DIRECTIONS FOR THIS TASK -> Begin at the line below that has "Οι μετρήσεις του". Stop after the line that has "Single-view 3D shape", repeating each line exactly and leaving out the pictures.

DATA ->

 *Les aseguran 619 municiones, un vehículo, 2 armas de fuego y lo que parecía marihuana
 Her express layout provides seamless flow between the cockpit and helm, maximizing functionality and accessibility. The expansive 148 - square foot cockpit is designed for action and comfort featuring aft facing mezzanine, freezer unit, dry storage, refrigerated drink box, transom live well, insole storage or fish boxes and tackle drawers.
---
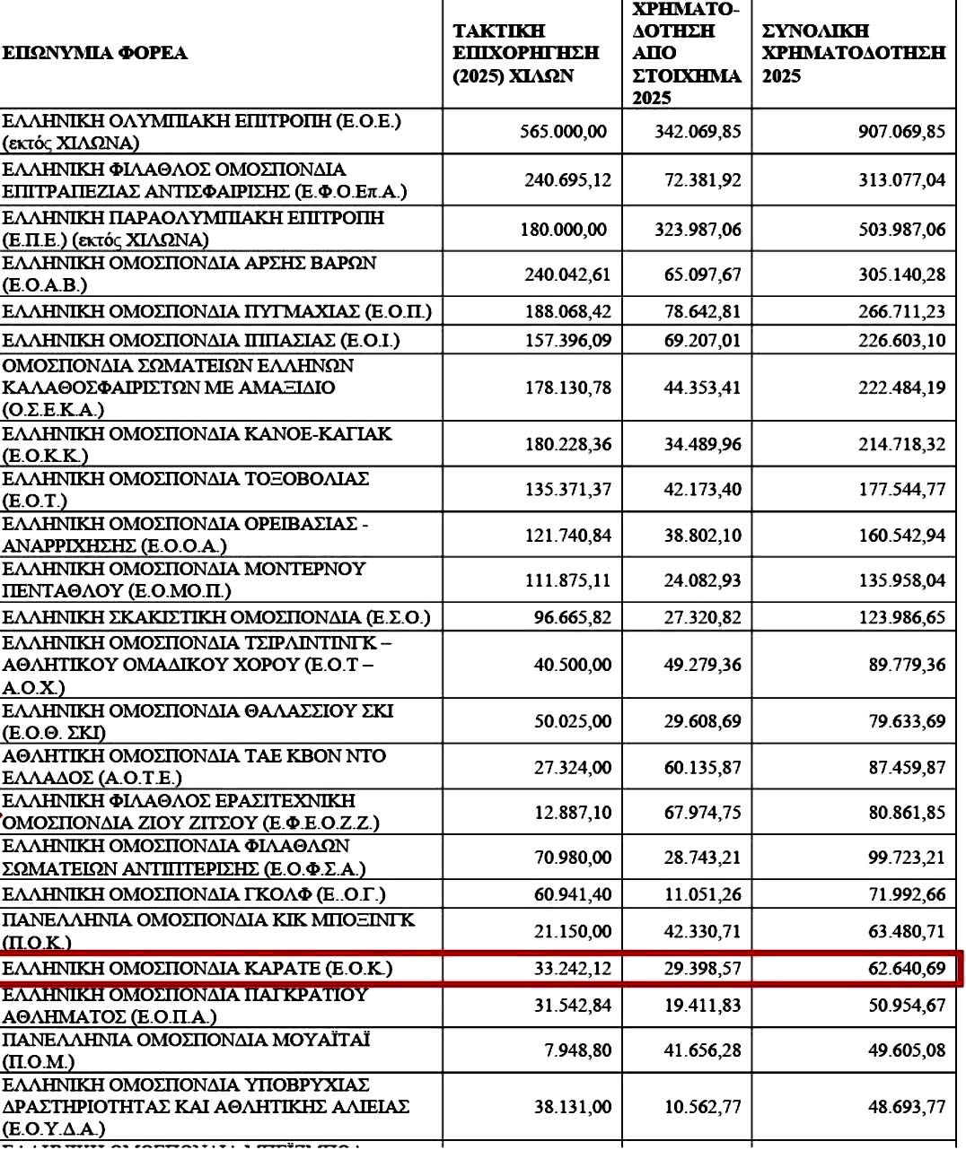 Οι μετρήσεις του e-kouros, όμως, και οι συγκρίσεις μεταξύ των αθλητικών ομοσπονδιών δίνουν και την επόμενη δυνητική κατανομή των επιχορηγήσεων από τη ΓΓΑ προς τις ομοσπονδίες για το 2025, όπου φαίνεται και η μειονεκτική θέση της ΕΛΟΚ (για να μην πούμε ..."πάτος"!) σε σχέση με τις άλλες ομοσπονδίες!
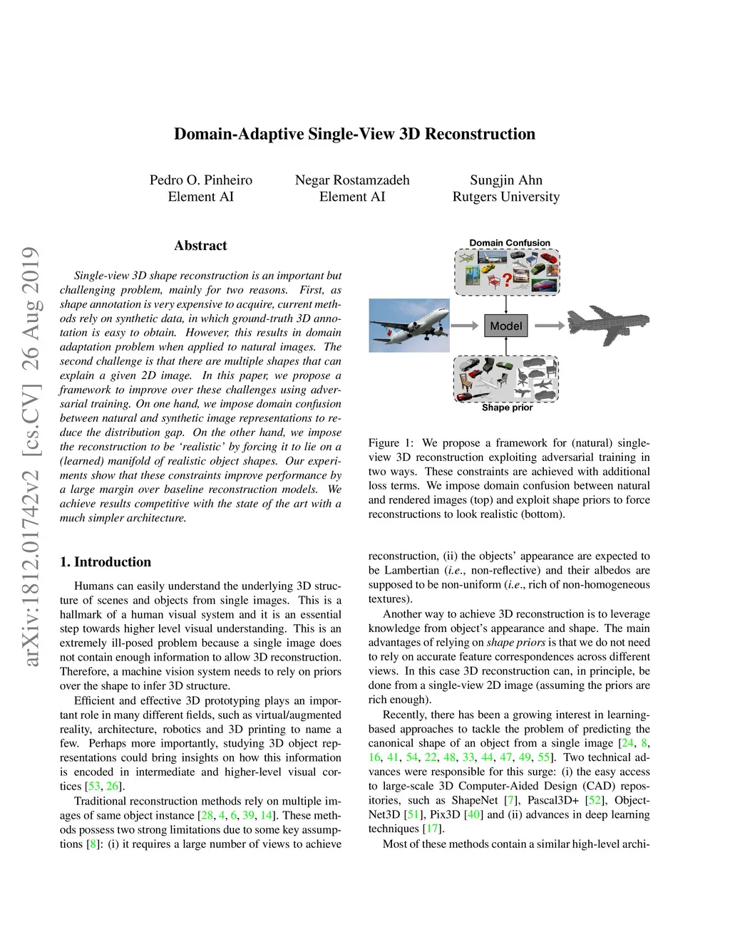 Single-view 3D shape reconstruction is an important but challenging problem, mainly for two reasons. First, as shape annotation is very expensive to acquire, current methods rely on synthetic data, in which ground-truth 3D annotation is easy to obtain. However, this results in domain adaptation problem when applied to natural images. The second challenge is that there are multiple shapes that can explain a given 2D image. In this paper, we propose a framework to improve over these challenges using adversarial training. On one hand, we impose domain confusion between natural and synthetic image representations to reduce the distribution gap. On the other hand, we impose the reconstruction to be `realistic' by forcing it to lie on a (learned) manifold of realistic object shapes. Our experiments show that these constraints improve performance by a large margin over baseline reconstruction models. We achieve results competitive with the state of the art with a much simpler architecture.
* * *
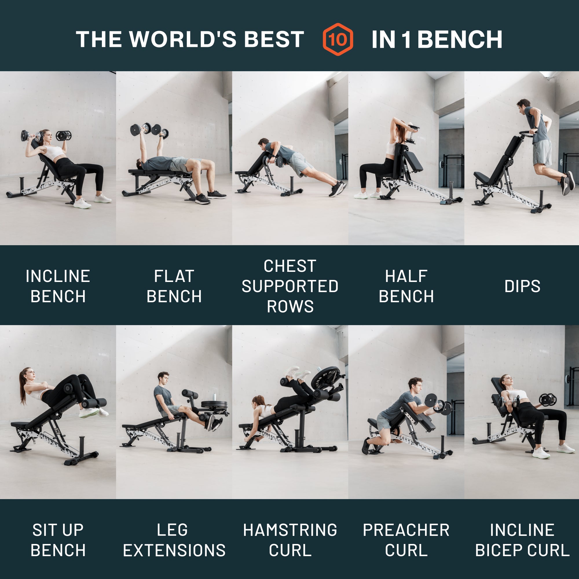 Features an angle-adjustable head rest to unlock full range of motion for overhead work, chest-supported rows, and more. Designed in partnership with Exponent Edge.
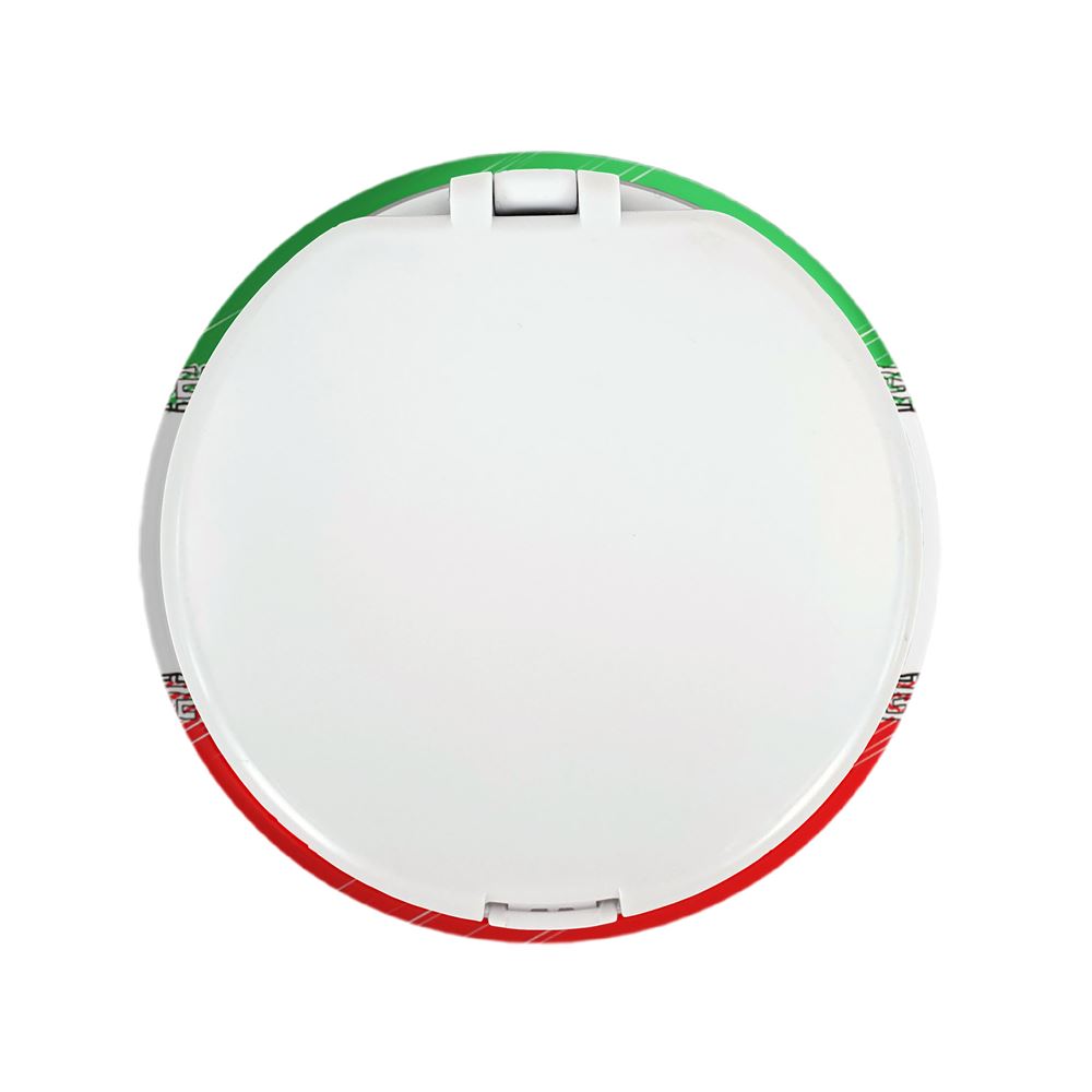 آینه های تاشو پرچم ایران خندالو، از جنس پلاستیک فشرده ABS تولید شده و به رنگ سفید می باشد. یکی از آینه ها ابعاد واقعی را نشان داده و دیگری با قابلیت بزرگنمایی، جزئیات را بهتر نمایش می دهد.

RESPONSE ->
 Οι μετρήσεις του e-kouros, όμως, και οι συγκρίσεις μεταξύ των αθλητικών ομοσπονδιών δίνουν και την επόμενη δυνητική κατανομή των επιχορηγήσεων από τη ΓΓΑ προς τις ομοσπονδίες για το 2025, όπου φαίνεται και η μειονεκτική θέση της ΕΛΟΚ (για να μην πούμε ..."πάτος"!) σε σχέση με τις άλλες ομοσπονδίες!
 Single-view 3D shape reconstruction is an important but challenging problem, mainly for two reasons. First, as shape annotation is very expensive to acquire, current methods rely on synthetic data, in which ground-truth 3D annotation is easy to obtain. However, this results in domain adaptation problem when applied to natural images. The second challenge is that there are multiple shapes that can explain a given 2D image. In this paper, we propose a framework to improve over these challenges using adversarial training. On one hand, we impose domain confusion between natural and synthetic image representations to reduce the distribution gap. On the other hand, we impose the reconstruction to be `realistic' by forcing it to lie on a (learned) manifold of realistic object shapes. Our experiments show that these constraints improve performance by a large margin over baseline reconstruction models. We achieve results competitive with the state of the art with a much simpler architecture.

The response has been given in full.